Distribution of the Inverse of a Random Variable

Question

I am trying to figure out how to find the distribution of the inverse of a random variable. Say, $Y=X^{-1}$ where X can take negative values.

The two ways I know to find the distribution of a random variable Y=g(X) are:

1. $F_y(y) = P(Y < y) = P(X^{-1} < y) = f(x) = \left\{ \begin{array}{lr} P(1/y < X)&: X> 0,\; y>0\\ P(1/y > X)&: X>0,\; y<0 \\ P(1/y < X)&: X<0,\; y<0 \\ P(1/y > X)&: X<0,\; y>0 \end{array} \right. \;\;\;\;\;\;\;\;\;\;$ Then take derivative.
2. Transformation theorem: $f_Y(y) = f_x(g^{-1}(y))|\frac{\partial g^{-1}(y)}{\partial y}|$ when g is monotone.

If I do it way #1, I have indicator functions all over the place which are not differentable.

I can't do way #2 because my function is not monotone on the entire real line.

Answer 1

Go back to the definitions...

Assume that $P[X=0]=0$, otherwise $Y$ is not well defined.
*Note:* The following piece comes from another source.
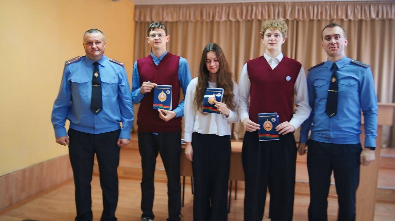 Старший инспектор группы профессионально-ориентационной работы отдела идеологической работы Академии МВД Денис Климович представил учащимся информацию о возможностях получения высшего образования в милицейской альма-матер.

• For every $y\lt0$, $[Y\leqslant y]=[1/y\leqslant X\lt0]$ hence $F_Y(y)=F_X(0)-F_X((1/y)^-)$.
• For every $y\gt0$, $[Y\gt y]=[0\lt X\lt1/y]$ hence $F_Y(y)=1-F_X((1/y)^-)+F_X(0)$.
• Finally, $[Y\leqslant0]=[Y\lt0]=[X\lt0]=[X\leqslant0]$ up to null events hence $F_Y(0)=F_X(0)$.